I have a friend at work that uses a 520 Cirrus for riding between buildings! 

Best of luck finding a good deal on a vintage Trek - they are still out there.

Jim


----------



## strathconaman (Jul 3, 2003)

To give the ebay seller some credit, he is selling a high demand bike in a popular size in good condition.

For my money, the "value" for a 531 trek is in the sport touring categories. I have a '83 614. It will fit 35mm tires, or 28s with fenders, and the 44cm chainstays and 55mm fork rake (yes, 55) make this thing the limo of my fleet.


----------



## bismo37 (Mar 22, 2002)

I caved.

I found an '87 Trek 560 Pro Series (race geometry with short wheelbase) on the local craigslist. It's in aqua with Reynolds 531 tubes and Trek's investment cast lugs. Frame was in pretty good shape. Parts mix was mostly old 105 with a pair of Maillard wheels. Some deep scuffs here and there. No obvious rust. All in all in pretty solid shape. 

(I had already owned the same 1987 560 frameset a few yrs earlier.)

Felt "just right" when I took it for a spin. It has a springy, taut feel to it. Don't know how else to describe it. I like it better than the De Rosa and Tommasini steel bikes I've owned. The DeRosa was always too quick and twitchy for me. The Tommasini was great but lacked something in liveliness. The Trek falls somewhere in the middle of the two.

The big plus: it was already outfitted with fenders for riding in the slop. 

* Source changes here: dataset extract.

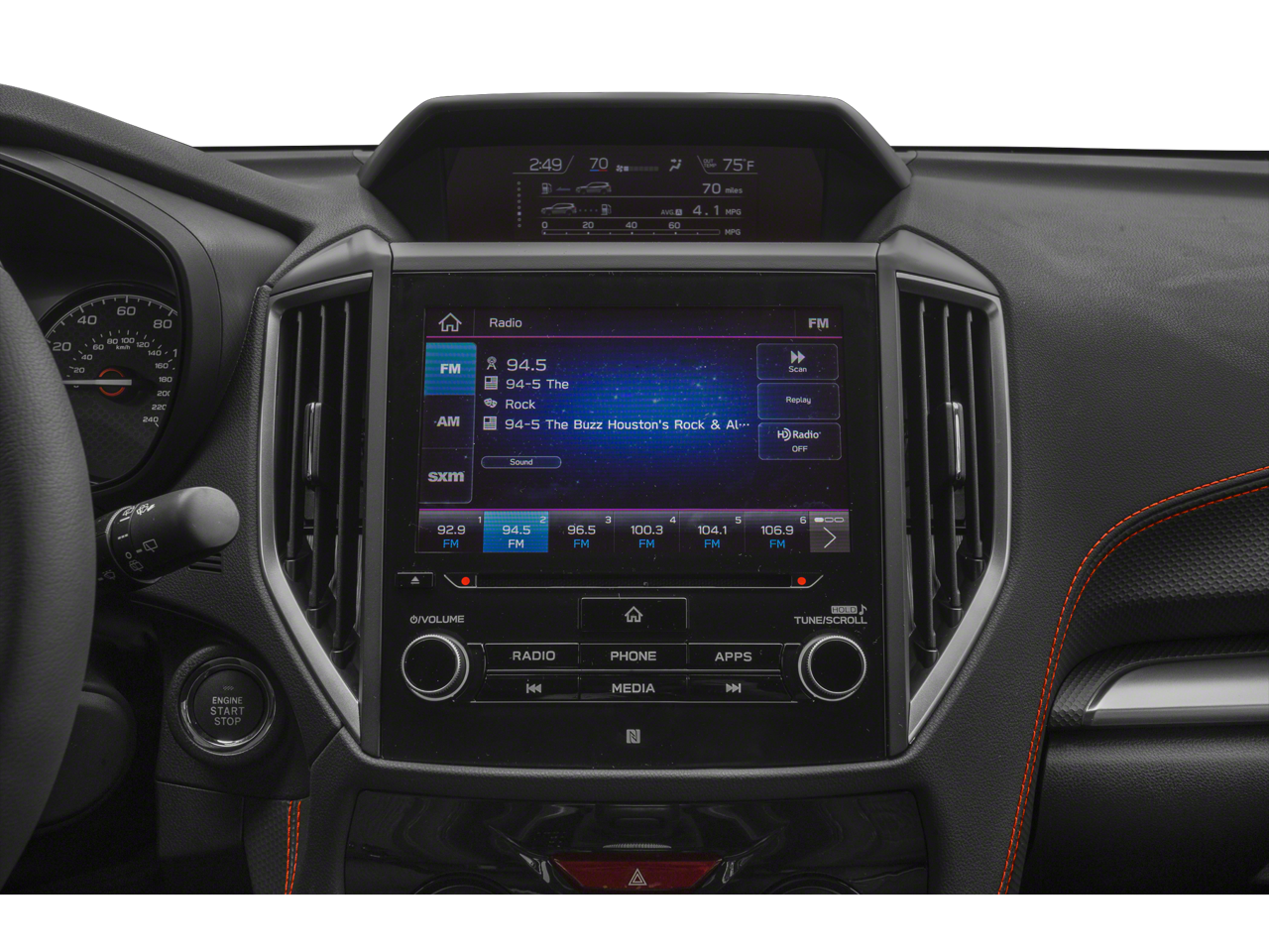 - Radio: Subaru Starlink 8.0" Multimedia Nav System -inc: AM/FM stereo HD Radio w/single-disc CD player w/MP3/WMA/CRR/RW file capability, multi-touch gesture high resolution display, 8.0" LCD screen, voice activated controls, voice activated navigation, Bluetooth audio streaming connectivity, hands-free phone connectivity and hands-free SMS text messaging connectivity, Near Field Communication (NFC), iPod control capability, rear-vision camera display, SiriusXM All Access radio, Traffic and Travel Link (subscription required), smartphone integration: AHA, Android Auto, CarPlay and Pandora, Starlink cloud applications: refer to subaru.com for app availability, USB input ports, 3.5mm auxiliary input jack and body color roof mounted antenna
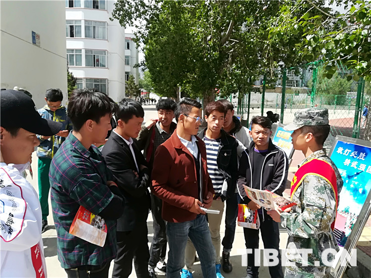 圖為拉薩警備區(qū)征兵宣傳人員對學生提出問題的進行現場解答。

Here's the Trek catalog page from the vintage trek website:


----------



## tihsepa (Nov 27, 2008)

I havea nice 78 tx700 in a54 that rides beautifully. 
They are great old bikes.


----------



## nickillus (May 3, 2006)

I bought an all original 87 Pro Series 560 exactly as pictured 2 years ago off CL. It's my primary ride. Because the Matrix rims had developed cracks, I had new wheels built on the existing hubs by Peter White this past summer. The ride improved significantly. These vintage Treks are wonderful frames. Have fun with it.


----------



## David Loving (Jun 13, 2008)

Very nice bike - my first 'real' road bike was 531.


----------



## cobrapatrol (May 18, 2010)

I rode my TX700 on an 80-mile, 4500 ft vert training ride this past weekend. Now it is sitting behind me in my office at work doing the daily commute. Its a bike that is capable of doing anything well although not a quick and lively as some of my other bikes it is a bike that begs to be ridden all day (and all night). It is a good brevet bike.

I would like the chance to compare it to something like that 560 Pro or a Tx900 (which I have never had the chance to ride).

Best regards and keep up the vintage Treks

Jim


----------